For wind power generation predictions using the ML method, as expected, the performance of the model gradually decays with increasing prediction horizon. For this reason, in the current case study, the Elman model was found to be sufficiently accurate up to 6 hours, with the result that 24 hours ahead was an R2 protocol indexed by 87% and greatly improved over previous studies based on the use of artificial neural networks. The generated prediction results are respectively presented in a time series (static and mobile) form as shown in the following graph, and the prediction results can be directly compared with the original wind power output value (ground real value).
At the same time, the application of support vector regression proved to be more efficient as the applied model performed better in predicting the peak and minimum values of power generation.
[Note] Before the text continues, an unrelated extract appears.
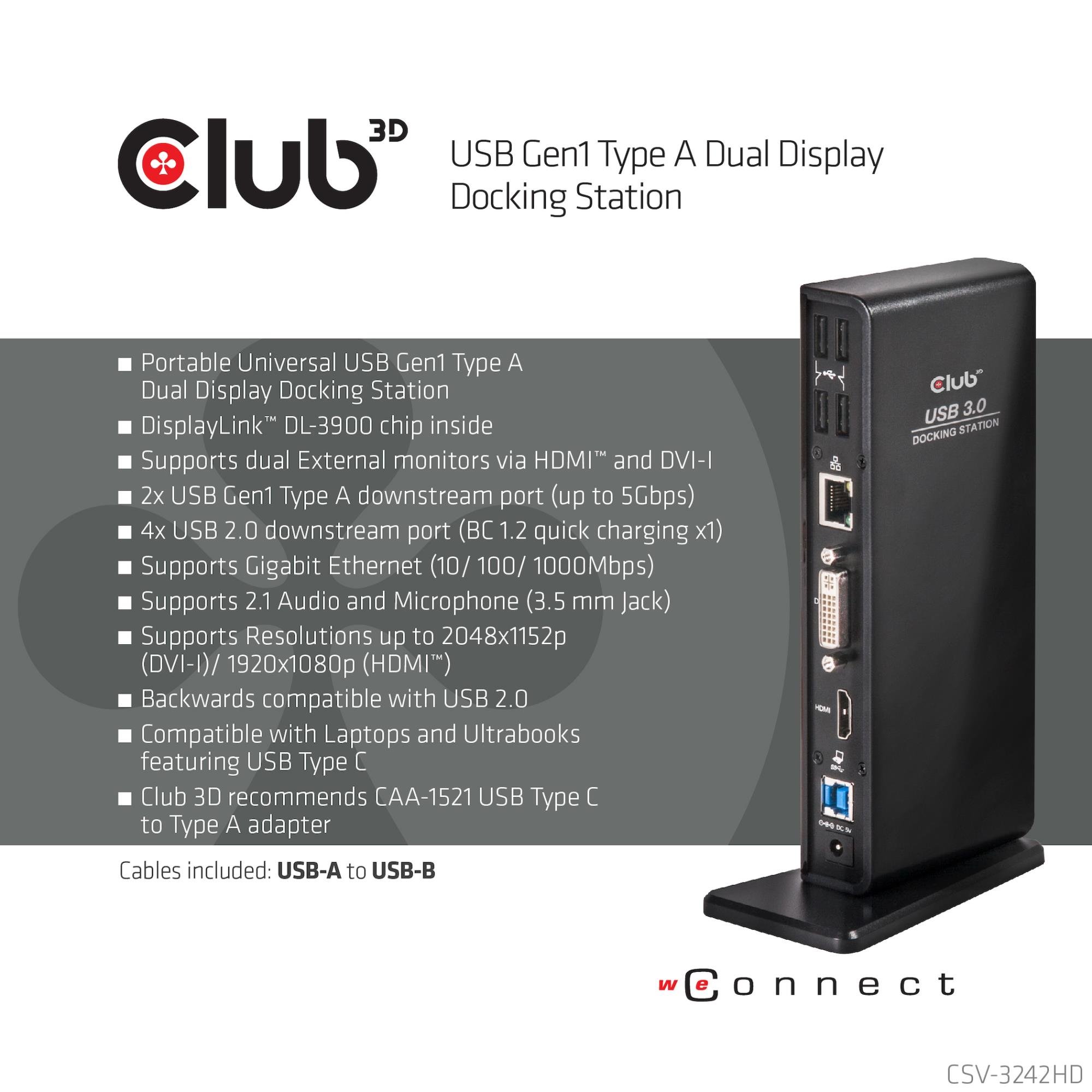 CLUB3D USB Gen1 Type A Dual Display ( HDMI and DVI) DisplayLink™ Docking Station. Connectivity technology: Wired, Host interface: USB 3.2 Gen 1 (3.1 Gen 1) Type-A, HDMI version: 1.4a. Ethernet LAN data rates: 10,100,1000 Mbit/s. Product colour: Black, LED indicators: Activity, Operation, Compatibility: Lenovo Dell Acer Asus. MSI. Toshiba Apple HP Razer. Power source type: AC. Windows operating systems supported: Windows 10, Windows 10 Education, Windows 10 Education x64, Windows 10 Enterprise, Windows 10...

However, even though the performance of SVR is generally better than that of ANNs, the combined results (ensemble model) of ANNs and SVR appear to be the best approach in a given power generation region. One example is to introduce a combination of two approaches by clustering, i.e., average predicted usage between 1500 kilowatts and 3800 kilowatts, as shown in the following figure. Finally, as the predicted horizon increases, the artificial neural network provides a more accurate prediction of wind power generation. On the other hand, a well-adjusted SVR seems to give very satisfactory results even for the prediction of the previous day (99.60% R2, 98.99% consistency index and 334kW mean absolute error).
Example 3:
case study and training data set:
to apply the described method and the internal prediction tool of SEALAB. The wind farm studied used a total of 10 750 kw wind turbines. A detailed data set of operations of up to 2.5 years has been provided, including measurements of the actual wind energy production of all 10 wind turbines, as well as wind speed and wind direction at hub altitude. Therefore, the lower graph provides a representative wind speed and wind power generation measurement sample, and the long-term average wind speed of the wind field is estimated to be 9.3m/s, so that the average capacity factor exceeds 38%.
The particular measurement set is processed to produce a clean data set for training the different predictive models used. As previously described, different prediction ranges were tested, i.e. 1 to 24 hours in advance, while training on the model used 41 features and 60.000 records. These are measurements (i.e. wind speed, wind direction, power generation, ambient temperature) and a time indicator registered to each wind turbine.
For wind power generation predictions using the ML method, as expected, the performance of the model gradually decays with increasing prediction horizon. For this reason, in the current case study, the Elman model was found to be sufficiently accurate up to 6 hours, with the result that 24 hours ahead was an R2 protocol indexed by 87% and greatly improved over previous studies based on the use of artificial neural networks. The generated prediction results are respectively presented in a time series (static and mobile) form as shown in the following graph, and the prediction results can be directly compared with the original wind power output value (ground real value).